───── Records provided

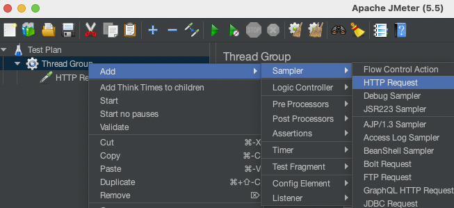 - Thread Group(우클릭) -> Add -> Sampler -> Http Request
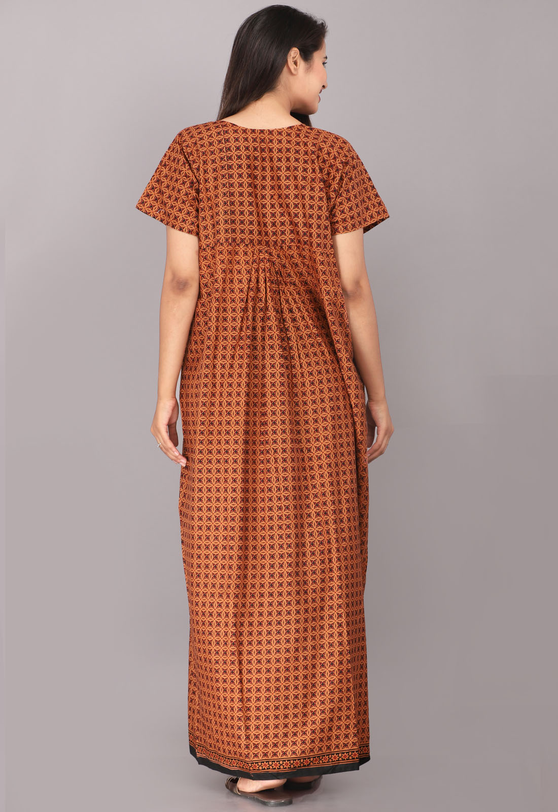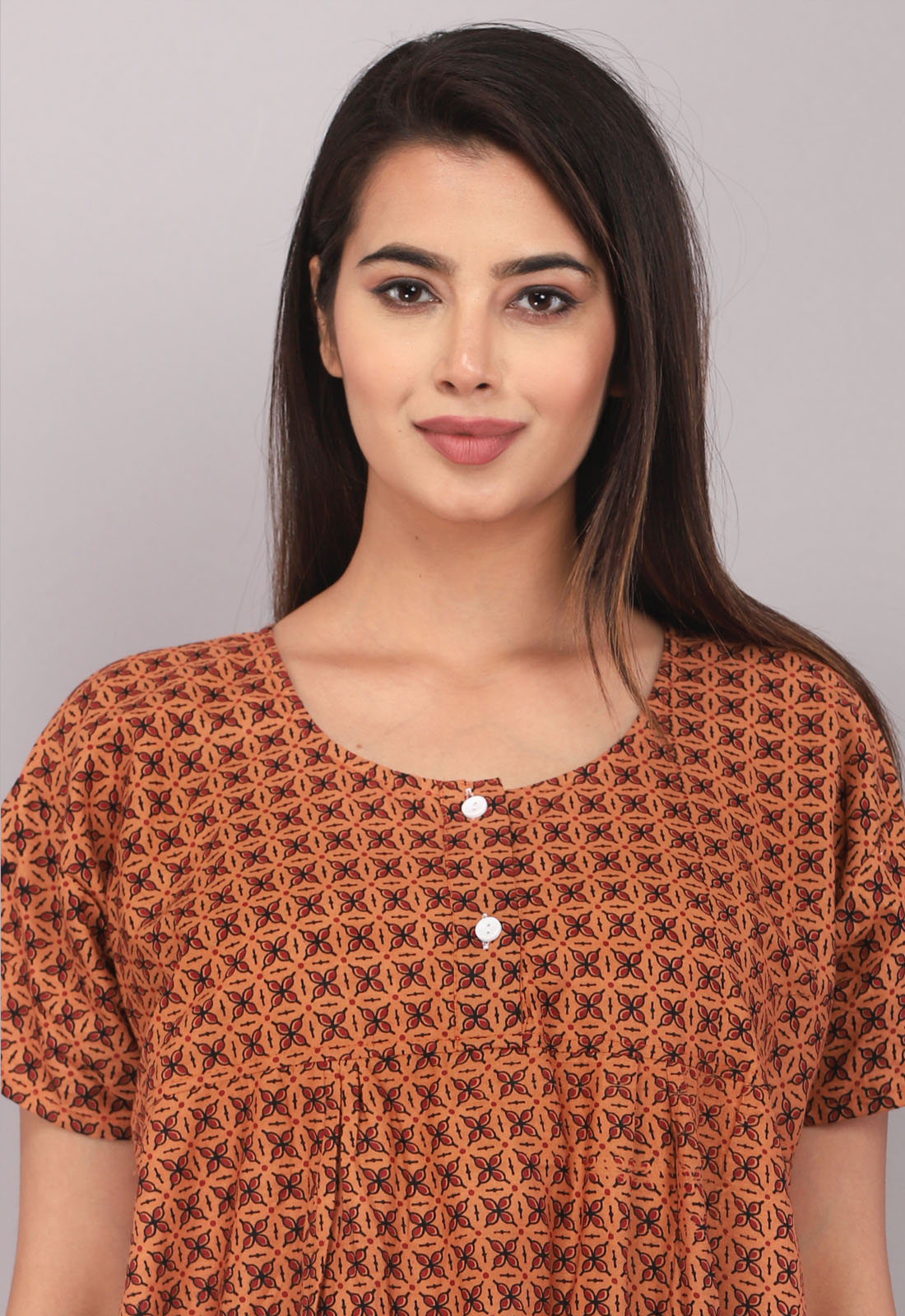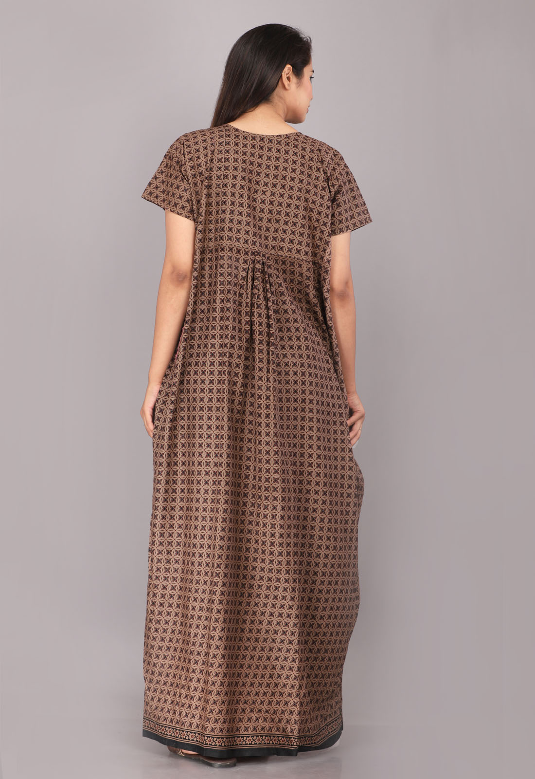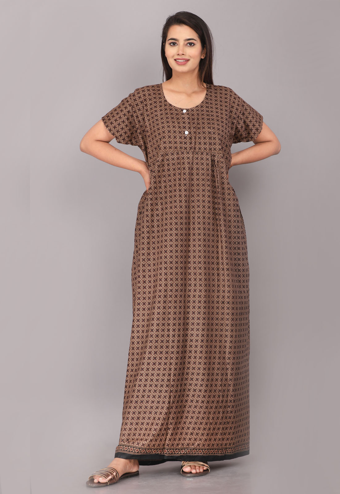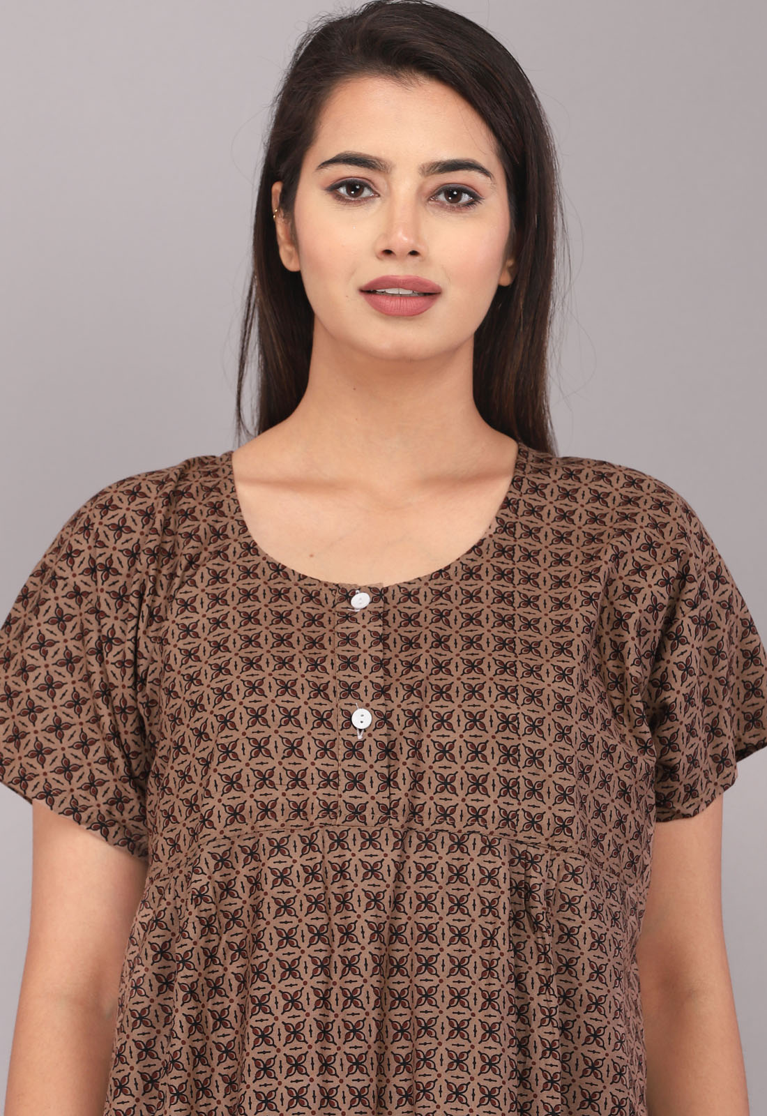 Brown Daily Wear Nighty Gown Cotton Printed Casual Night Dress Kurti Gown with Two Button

──────────
───── Records provided

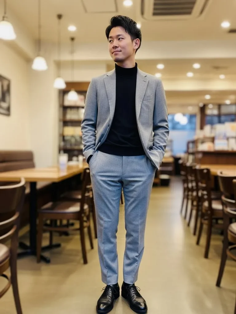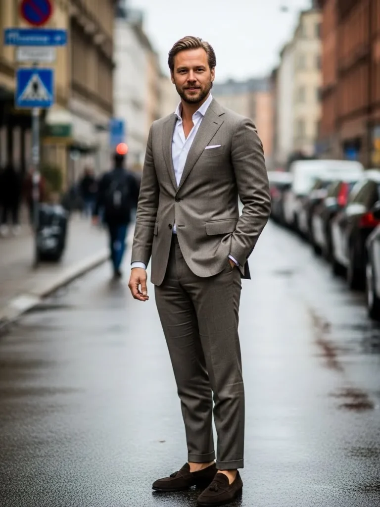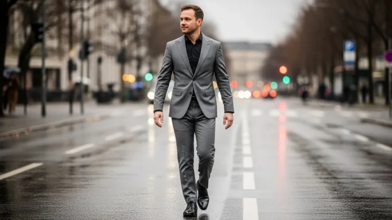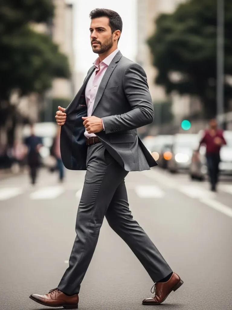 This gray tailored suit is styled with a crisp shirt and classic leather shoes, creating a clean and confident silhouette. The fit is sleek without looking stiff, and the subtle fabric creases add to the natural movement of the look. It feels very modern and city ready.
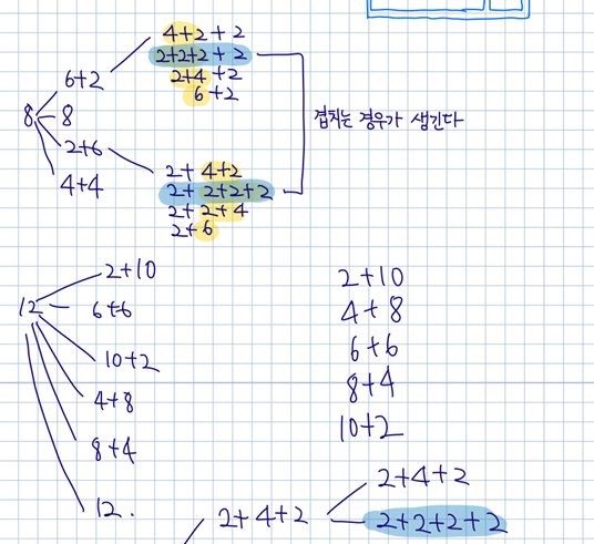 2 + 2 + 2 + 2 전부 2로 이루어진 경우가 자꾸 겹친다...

──────────
───── Records provided

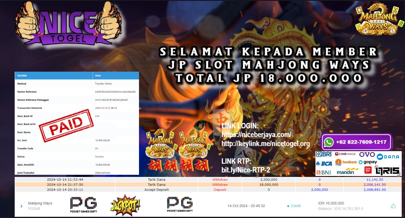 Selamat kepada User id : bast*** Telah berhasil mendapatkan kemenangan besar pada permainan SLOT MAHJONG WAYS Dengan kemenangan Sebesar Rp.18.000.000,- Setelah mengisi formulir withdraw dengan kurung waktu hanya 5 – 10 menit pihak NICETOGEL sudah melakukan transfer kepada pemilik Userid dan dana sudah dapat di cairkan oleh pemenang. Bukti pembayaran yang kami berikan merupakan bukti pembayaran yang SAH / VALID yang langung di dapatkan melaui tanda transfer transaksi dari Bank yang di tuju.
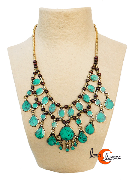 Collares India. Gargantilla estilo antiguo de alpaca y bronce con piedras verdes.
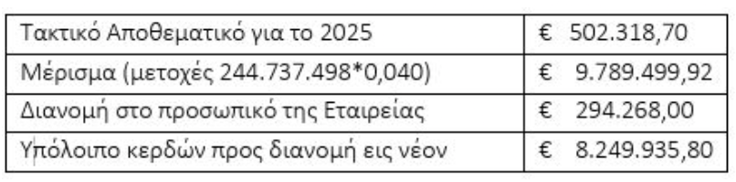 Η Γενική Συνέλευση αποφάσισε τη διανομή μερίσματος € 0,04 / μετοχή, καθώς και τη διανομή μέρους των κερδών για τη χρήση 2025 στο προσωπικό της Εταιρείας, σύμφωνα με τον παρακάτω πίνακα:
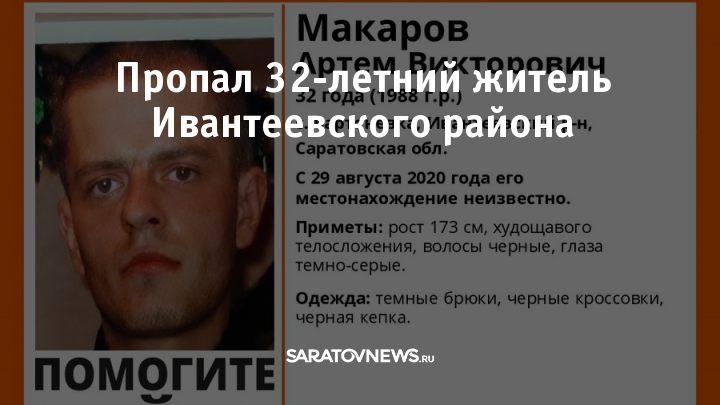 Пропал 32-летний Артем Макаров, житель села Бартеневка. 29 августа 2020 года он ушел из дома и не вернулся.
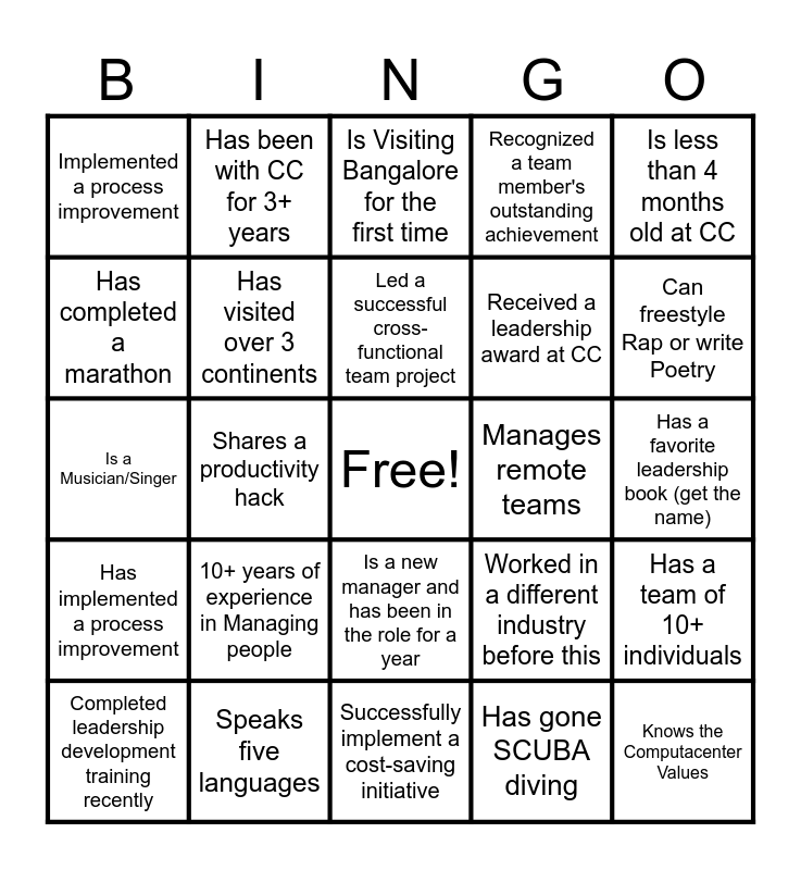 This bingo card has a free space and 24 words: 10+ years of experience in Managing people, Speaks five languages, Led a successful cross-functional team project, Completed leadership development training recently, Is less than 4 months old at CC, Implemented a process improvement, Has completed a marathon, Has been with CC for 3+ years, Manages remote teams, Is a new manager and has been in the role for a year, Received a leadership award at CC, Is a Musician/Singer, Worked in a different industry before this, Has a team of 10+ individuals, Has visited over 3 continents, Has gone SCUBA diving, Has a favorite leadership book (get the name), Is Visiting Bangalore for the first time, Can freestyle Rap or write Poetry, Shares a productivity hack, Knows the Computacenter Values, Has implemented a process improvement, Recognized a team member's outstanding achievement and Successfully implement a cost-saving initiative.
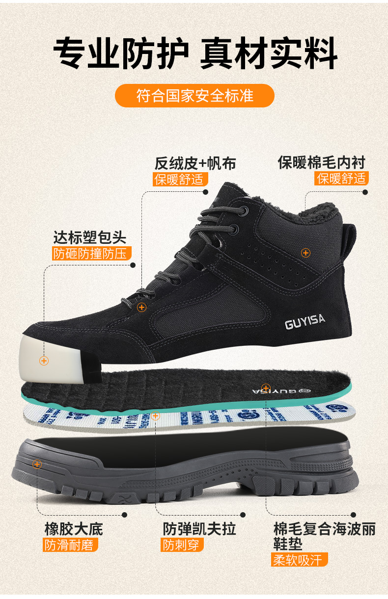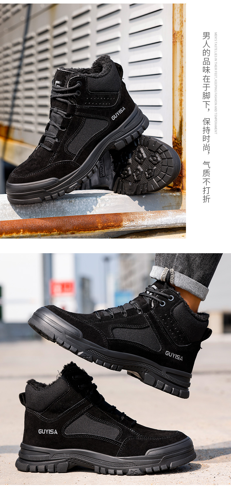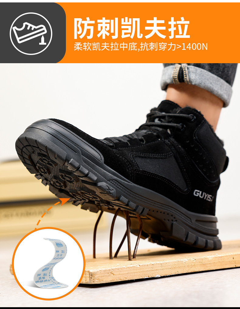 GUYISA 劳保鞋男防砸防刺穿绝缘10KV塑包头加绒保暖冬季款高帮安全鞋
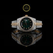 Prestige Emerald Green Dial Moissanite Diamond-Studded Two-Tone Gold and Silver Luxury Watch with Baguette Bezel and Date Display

──────────

**Work required**
Copy the lines above exactly, starting with the line that contains "- Thread Group(우클릭)" and ending with the line that contains "Brown Daily Wear", and leave out any pictures.

**Task result**
 - Thread Group(우클릭) -> Add -> Sampler -> Http Request
 Brown Daily Wear Nighty Gown Cotton Printed Casual Night Dress Kurti Gown with Two Button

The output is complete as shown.